I had every intention of posting more, I did. I have been putting some outfits on my Facebook page and Instagram still so be sure to follow me there. But honestly life has been tough lately. Having to completely change what I thought life was going to look like hasn’t been easy. At first I felt a sense of freedom, having finally made a hard decision, and there is definitely a freedom that comes from doing whatever you want, whenever you want again. But then the sadness, loneliness, and fear sets in. It is scary, I’m not going to lie. I can’t help but wonder if I will ever find someone to love me again, and dating here isn’t easy. Just ask all my fabulous and beautiful single girlfriends. But you get through each day and hope that each one is easier than the next. I’m very lucky to have lots of wonderful and supportive girlfriends here and around the country, some of them having been in my shoes and come out the other end better than before. My cousin went through a very similar situation to mine and is on the other end of Facebook messenger for me almost daily, reminding me it won’t feel this bad forever. She encouraged me to maybe even blog about it, so here I am : )
I felt before I sort of glossed over things, just wanting to move forward, but of course it is never that easy. And I share my life here so felt it was time to open up a bit more. Maybe some of you have been through or are going through similar situations.

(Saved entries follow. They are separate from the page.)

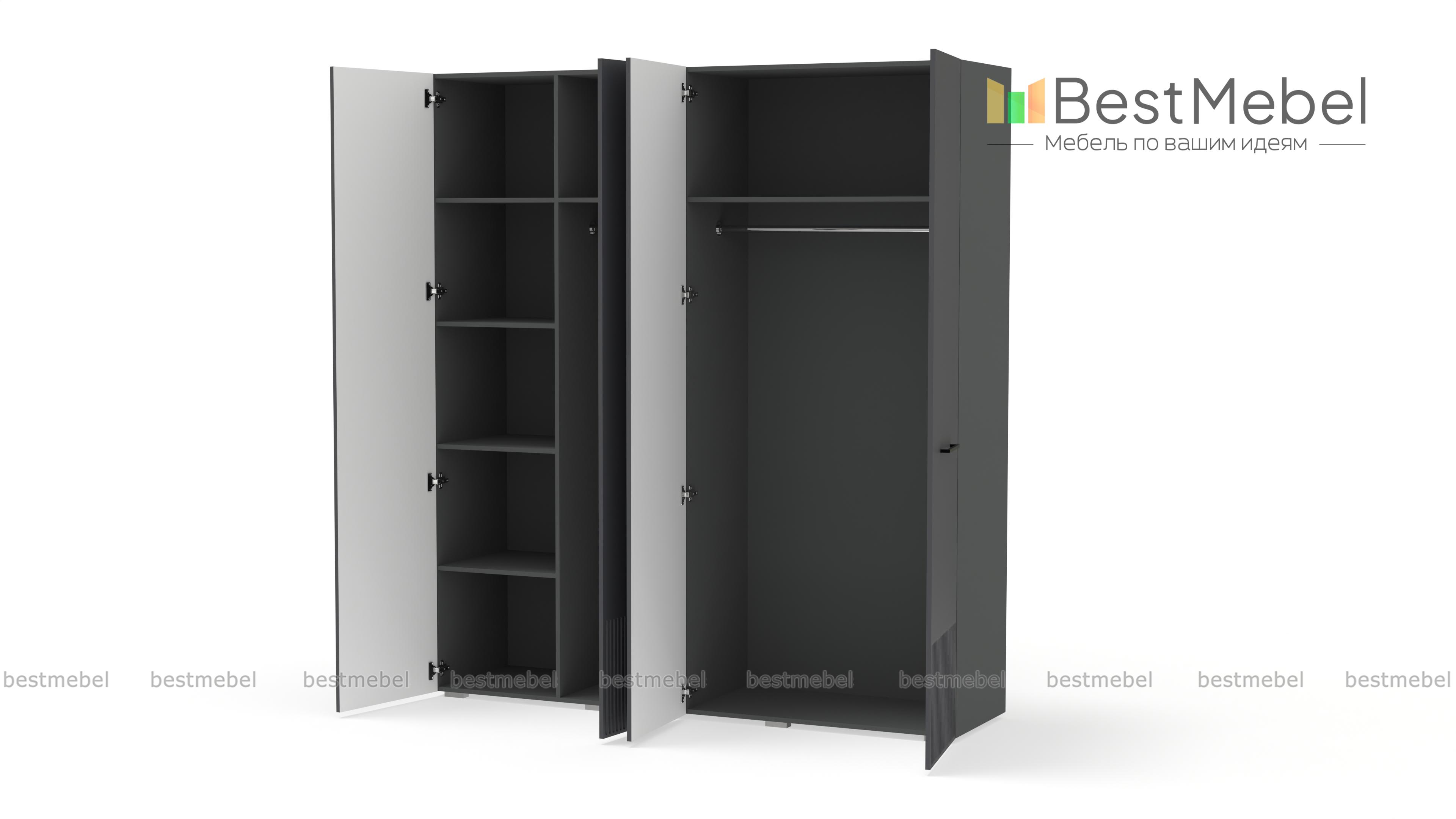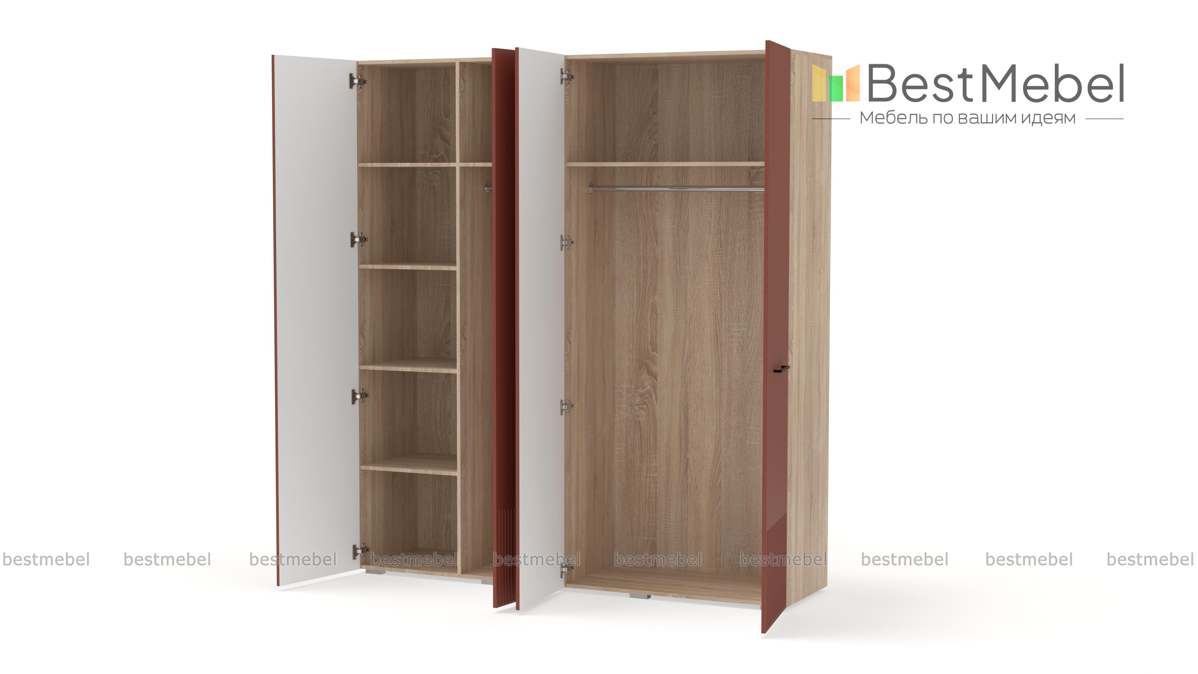 Шкаф распашной Декарт 4 BMS выполнен в традиционном стиле с поперечными контрастными ручками и фрезеровкой, что придает ему современный вид. Сочетание двух штанг разной длины и полок позволяет вам удобно организовать хранение одежды и коробок с обувью. Устойчивый к механическим повреждениям и влаге фасад из МДФ легко содержать в чистоте. Купить шкаф распашной Декарт 4 BMS с выбором размеров, цвета и наполнения вы всегда сможете в нашем интернет-магазине.
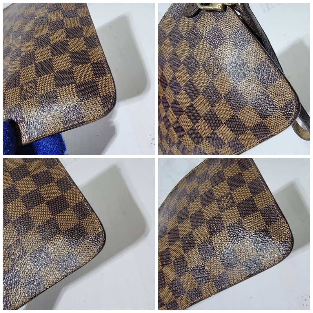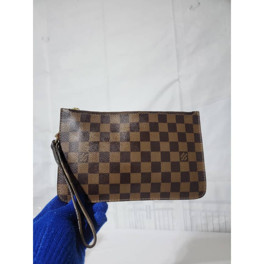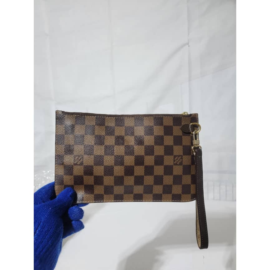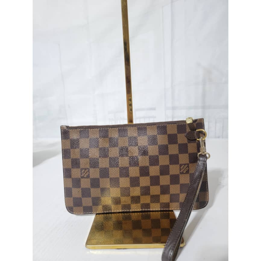 This authentic LOUIS VUITTON Damier Ebene Neverfull Pochette Brown is in it’s good pre-owned condition. The exterior is clean and beautiful. Interior is clean and beautiful. Great condition.
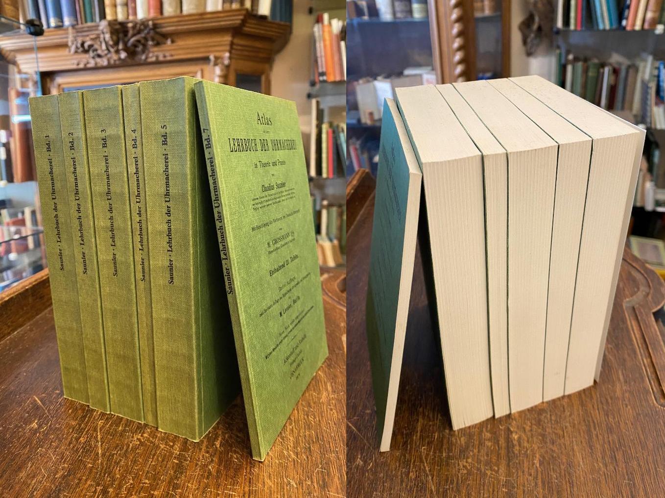 Saunier, Claudius: Lehrbuch der Uhrmacherei in Theorie und Praxis : Konvolut Band 1 – 5 + 7 (Atlas) : ohne Band 6. Mit Bewilligung des Verfassers ins Deutsche übersetzt von M. Grossmann, Uhrenfabrikant in Glashütte. Dritte Auflage, nach der letzten Auflage des Originalwerkes durchgesehen und herausgegeben von [Michael] Loeske. Ergänzungsbände von C. Dietzschold und Gustav Krumm. NACHDRUCK der dritten Auflage, Bautzen, Hübner’s Verlag, 1902-15. 6 Bände von 7, Osnabrück, Ackerstaff und Kuballe, 1979. 8° (19x13), XII,419; VIII,290; VIII,440; 187; XV,470; [fehlt: XXIX;365;(13)] S.; Atlas: 21 doppelseitige Tafeln, Gesamtwerk mit mehr als 600 Abb. und Tafeln, einheitliche grüne OKart (Brosch), Rücken etwas aufgehellt, Kopfschnitte angestaubt, kaum genutzt, fest und sauber, ohne Band 6 (Die elektrischen Uhren).–
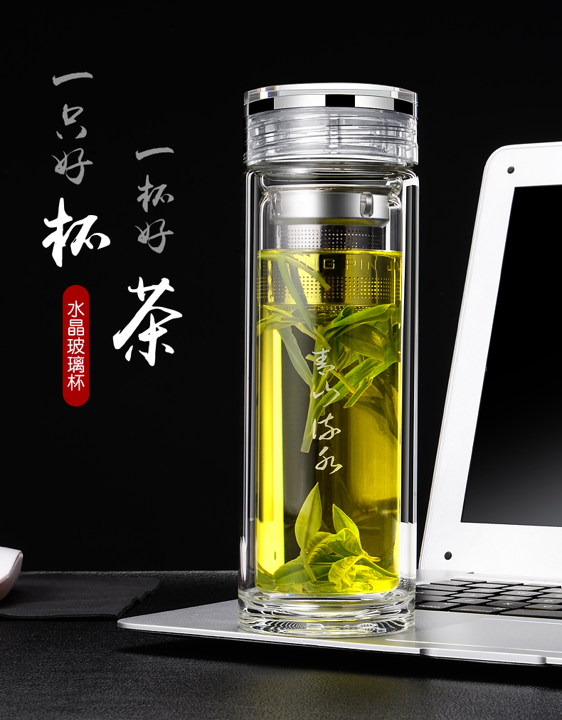 男大容量雙層加厚耐熱水杯泡茶杯子

I’ve dipped my toe back in the dating pool a bit and so far I’ve found one guy I really liked who sent me a very lame text ending things after we discovered he was deathly allergic to my cat. Awesome. Like throat closing up allergic. It was crushing to feel that hopeful and see it all end with a text. I’ve also been “catfished” – pretty sure the pictures he used were at least 10 years old. Most have been fine but no sparks. I have made friends through one date with another divorcee though, reminded me it can be nice to have male friends that aren’t just your husband’s friends. And so it goes…
Going into the holidays single for the first time in 8 years is daunting. I have my sorority holiday party tonight that one of my gay besties is attending with me, god bless him. But then I have to hit the work party solo when most people are coupled up and it feels less than awesome.
So that’s where I’m at right now! I’m really hoping once the holidays pass my spirits will lift and I will find the motivation I need to get back at it. Or who knows, maybe the holiday spirit will catch on sooner than later, or at least the sales : )
On a positive note I’m still loving my new place, and Coco is very happy and settled in. Work is going really well and I’m happy to have a place to go each day with awesome co-workers.
I really appreciate you all for following along with my sporadic posting, and your supportive comments mean a lot.